Handling an Ombudsman investigation
If you are an officer from a Queensland state government agencies, local council, TAFE or public university who has been asked to respond to an investigation inquiry from us, you may find the following information useful.
The Ombudsman’s role is to provide an independent way of reviewing administrative actions of public sector agencies. It is part of the system of public accountability in Queensland.
An Ombudsman investigation may be about a particular complaint or may be undertaken on the Ombudsman’s own initiative. If an investigation finds an organisation’s practices or procedures can be improved, it will make recommendations.
Investigations can be conducted informally or the Ombudsman can decide to use formal powers to require documents, information or answers to questions. Most investigations are completed in an informal and cooperative way.
In most cases, requests for information are sent to the chief executive officer or a nominated contact officer. Sometimes, investigators may contact organisation’s officers directly by email or telephone.
Investigators are mindful of the impact of their work and seek to minimise disruption to your workplace. They will act with discretion and respect at all times. They understand that investigations can impact on competing priorities in your agency, your resources and timeframes.
The Ombudsman Act 2001 (the Act) includes a secrecy provision that prevents information obtained during preliminary inquiries or investigations being unlawfully disclosed. This applies to Ombudsman officers as well as agency officers.
The Act also states that any obligation you may have to maintain secrecy under another Act does not apply to the information you provide to investigators.
Responding to a request for information
Ombudsman investigators will usually request particular documents or specific information. Sometimes they may want to arrange to meet officers who were part of the decision-making process.
To respond to a request, you should:
- Provide all the information requested as soon as possible. The original contact letter or email will explain what is required and set a due date for response.

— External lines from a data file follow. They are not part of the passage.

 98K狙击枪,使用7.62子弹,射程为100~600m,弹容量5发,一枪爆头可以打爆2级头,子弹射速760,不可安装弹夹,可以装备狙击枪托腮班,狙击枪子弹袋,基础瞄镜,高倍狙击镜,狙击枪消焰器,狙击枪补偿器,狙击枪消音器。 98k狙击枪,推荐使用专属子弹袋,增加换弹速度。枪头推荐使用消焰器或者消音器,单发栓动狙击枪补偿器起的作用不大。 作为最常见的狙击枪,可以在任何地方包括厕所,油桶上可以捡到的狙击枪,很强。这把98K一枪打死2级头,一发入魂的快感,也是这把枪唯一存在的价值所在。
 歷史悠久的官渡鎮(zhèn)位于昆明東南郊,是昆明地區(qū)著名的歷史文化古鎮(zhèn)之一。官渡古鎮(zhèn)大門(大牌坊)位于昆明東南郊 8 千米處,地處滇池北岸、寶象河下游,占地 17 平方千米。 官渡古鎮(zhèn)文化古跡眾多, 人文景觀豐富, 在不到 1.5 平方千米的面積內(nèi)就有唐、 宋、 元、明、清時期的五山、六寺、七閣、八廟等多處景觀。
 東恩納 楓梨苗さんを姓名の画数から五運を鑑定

- Use plain language and provide a clear, accurate and complete response. If you are having difficulty providing the information requested, seek advice from experts within your agency. You can also contact the investigator to discuss the request.

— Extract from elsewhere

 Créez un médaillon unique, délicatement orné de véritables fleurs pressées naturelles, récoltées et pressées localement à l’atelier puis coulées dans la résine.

You can provide background information in your response if you think it will help the investigation but make sure you explain the relevance of the material.

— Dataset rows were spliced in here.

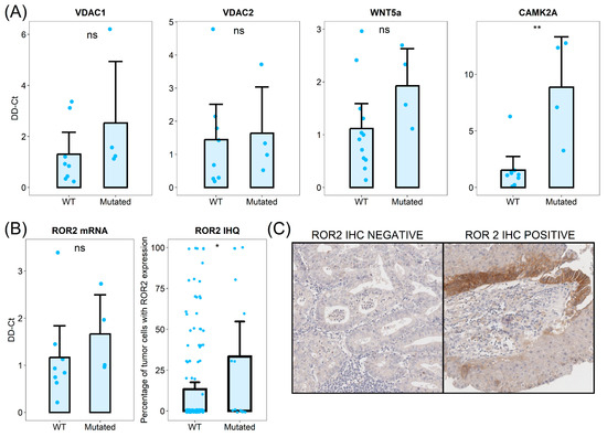 (A) Transcript expression analysis between WT and mutated tumors. (B) ROR2 mRNA and immunohistochemical analysis between WT and mutated tumors. (C) Representative microphotographs representing ROR2 negative and positive tumors. ns: not significant. *: p < 0.05, **: p < 0.01.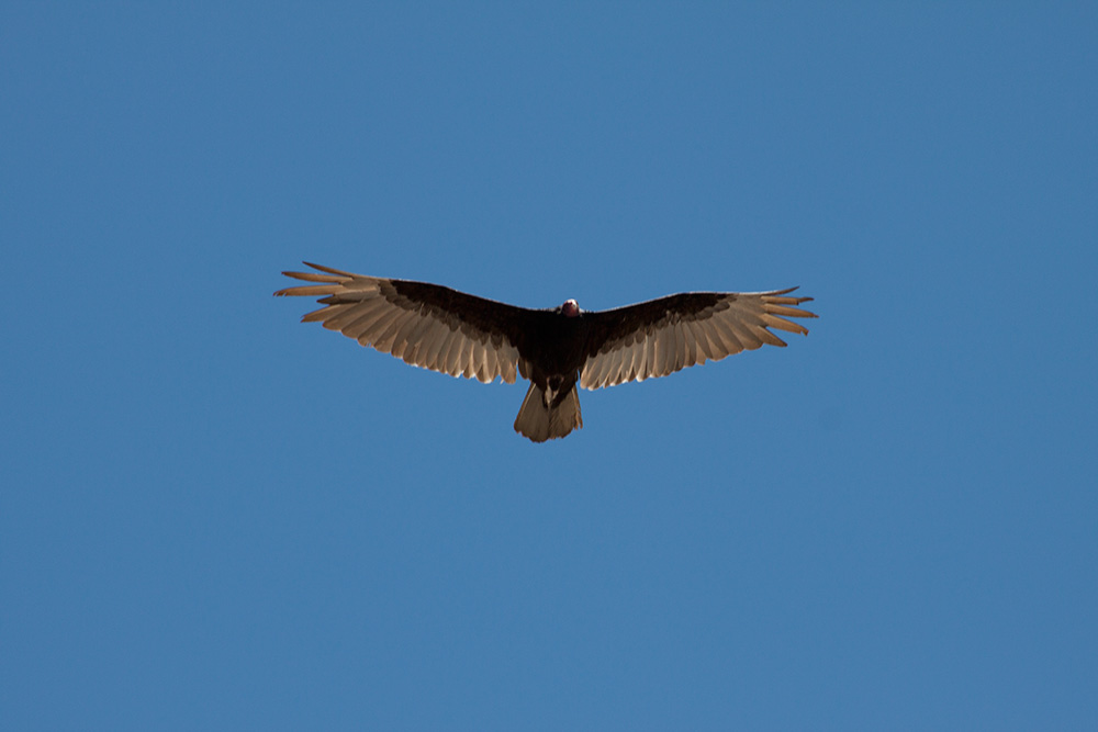 That particular buzzard got dive-bombed by two smaller birds back across the lake, above the bait and tackle shop. We had seen some nests there previously with babies, and when we got back over we realized that it was the two mother birds running off the much, much larger buzzards. Didn’t run us off though: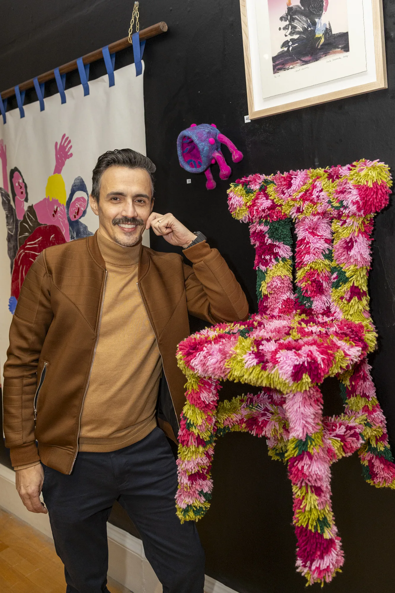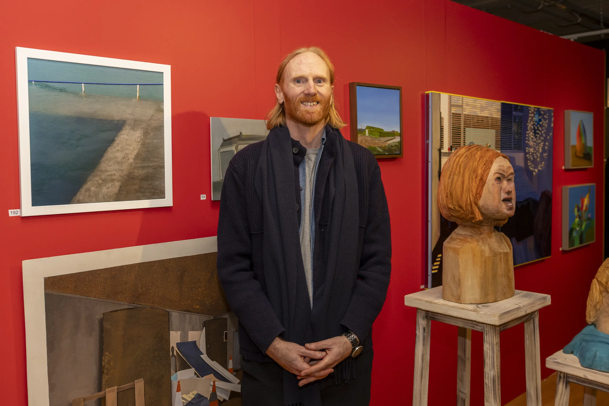 The exhibition features a mix of painting, sculpture, mixed media, and digital art.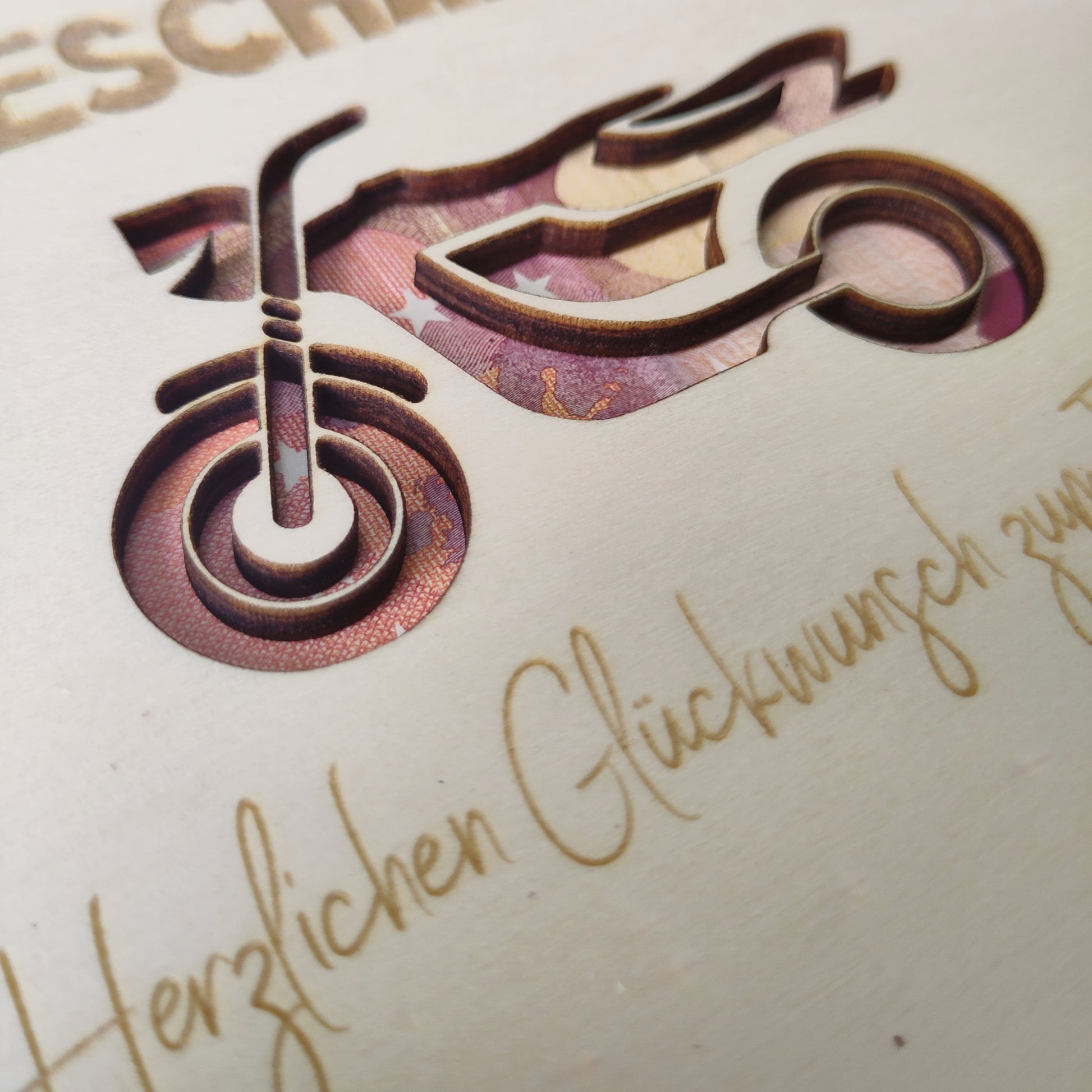 Geldgeschenk mal anders! Mit dieser tollen Holzverpackung, kann Geld ohne viel Aufwand zu einem individuellen Geschenk werden.

The request for information may cause your organisation to reconsider its original decision or identify improvements in your own policies or procedures. If this is the case, include details of this in your response. You can also talk directly to the investigator about what your organisation plans to do.
Analysis and consideration
Investigators will consider the information gathered. They may decide to seek additional information and may also consult further with your organisation, the person who made the complaint, or other experts.
The next steps depend on the information provided. If the Ombudsman is satisfied your organisation has appropriately dealt with the matter, or agreed outcomes are put in place to informally resolve the matter, the investigation can be finalised. If the Ombudsman considers an administrative action was unlawful, unreasonable or wrong, a letter setting out the proposed opinions and recommendations will be sent to your organisation. Your organisation will be invited to respond before a final decision is made.
The Ombudsman also has the option to make a report under s.50 of the Act. The report may be tabled in Parliament or, with the approval of the Speaker, released publicly. The organisation will be provided with a proposed s.50 report and have the opportunity to respond before it is published.
The person who made the complaint is also informed of the final decision.
Monitoring and compliance
The Ombudsman also monitors compliance with recommendations that have been accepted by organisations. You may be asked to provide evidence that your organisation has implemented the recommendations.